Soon in Denecke in 2014. published a book, Classical World Literature: Comparisons of Chinese and Japanese and Greek and Roman, published by Oxford University Press. This comparative work examines the staggering convergence of intellectual history between East and West: both Japanese and Roman literature developed under the shadow of an older “reference culture,” that is, Chinese writers in Japanese and Greek writers in the Roman world. That circumstance in many ways colors the content of the Japanese and Roman texts.

However, despite some parallels between Japanese and Roman cultural production, there are many differences. First: Rome conquered Greece in 146. Pr. me, and Japan has never gained control of China.

“That’s when you started to differentiate between political power, [of] young Romans and cultural power, ”says Denecke. “Because it was still the great Greeks, and the Romans had this inferiority complex, and you had this perplexing phenomenon. [in] that you had Greek slaves teaching the Roman elite. Now that has never been the case with China and Japan.

New Literature for All Library

In addition to his research, Denecke invests heavily in editing original text sets. She was the East Asian Editor of The Norton Anthology of World Literature and the Editor of The Norton Anthology of Western Literature.

Denecke is also the editor-in-chief of the new series Hsu-Tang Library of Classical Chinese Literature, published by Oxford University Press and courtesy of Agnes Hsu-Tang and Oscar Tang. The series is similar to the Chinese literature version for the Loeb Classical Library, Harvard University Press series, whose Greek and Roman texts can be found in pocket editions for more than a century.

Denecke has worked extensively with the Hsu-Tang Library of Classical Chinese Literature, collaborating with translators to create a home-style that presents texts both scholarly and read well to a wide audience.

“Accessibility, the idea that it’s really literature for everyone around the world, and it’s nice, it’s important,” says Denecke.

Focused on the humanities

One of the advantages of Denecke’s work is that it brings together researchers from countries whose relations are sometimes cold, which it calls “cultural diplomacy” developed by the academic community. Together with a Japanese colleague, she convened dozens of scholars from Japan, Korea, and China to co-write the first history of East Asian literature.

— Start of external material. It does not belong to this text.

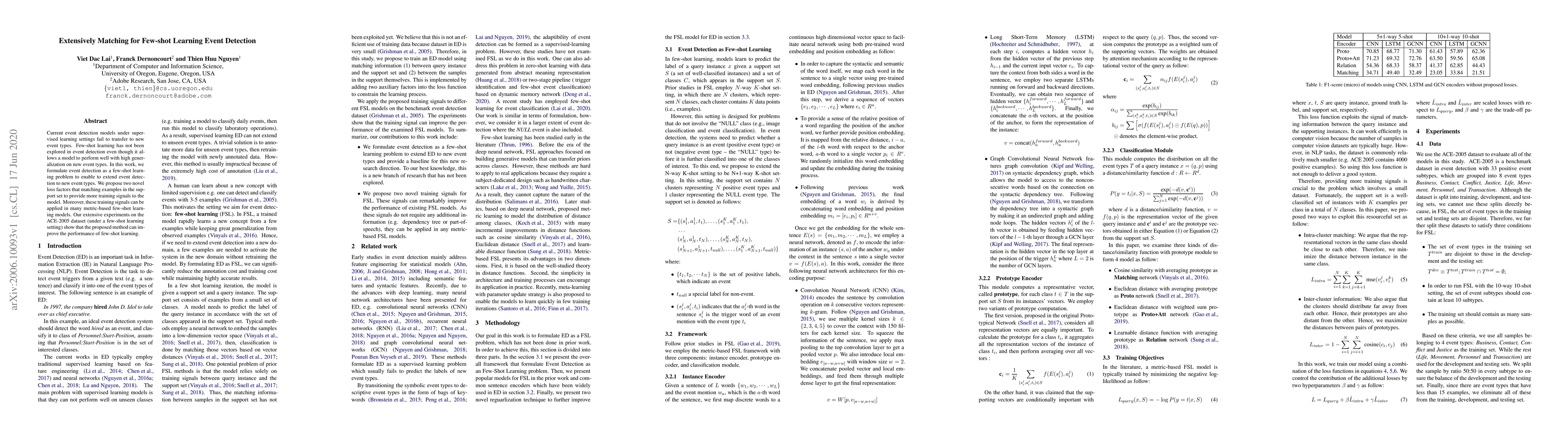 This paper proposes a few-shot learning approach for event detection, introducing novel loss factors to enhance the matching of examples in the support set, thereby improving performance on the ACE-2005 dataset under few-shot conditions. The method aims to better generalize to new event types.

Mobilizing people is very important on Denecke radar at MIT. Together with colleagues at MIT, other Boston-based institutions, and collaborators around the world, Denecke is currently leading MIT’s Comparative Global Humanities Initiative to establish a hub for researchers, students, experts, and the public to create works with historians. depth and global social issues and challenges. In the opening conferenceEnough worlds and time: Towards a comparative global humanities“Occurred in November 2021.

According to Denecke, this initiative would be a “catalyst for deep forms of cooperation in the humanities” with an international, interdisciplinary orientation. In Denecke, who also calls himself an “activist of human memory,” the inclusion of historically oriented projects in the centre’s activities is especially important at a time when nationalist movements are often distorting or erasing history by creating favorable political narratives.

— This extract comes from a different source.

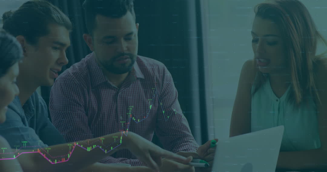 - Collaborative Team Discussing Work with Financial Digital Overlay

At a time when many global crises call for a better understanding of our societies, with funding for the humanities declining in many places, Denecke believes MIT is a worthy ideal, adding the benefits of humanities and adapting the humanities to the challenges of our age.

“To create more egalitarian societies today, we need to create more equality for other places and other pasts – and learn from all the wealth and lessons they provide,” says Denecke.

“To hear an initiative for the future of the humanities in one of the most forward-looking and visionary institutions in the world, I think that’s why I came to MIT to give it a try,” says Denecke, adding, “The humanities are more important than ever.”

Godfrey Kemp

"Bacon fanatic. Social media enthusiast. Music practitioner. Internet scholar. Incurable travel advocate. Wannabe web junkie. Coffeeaholic. Alcohol fanatic."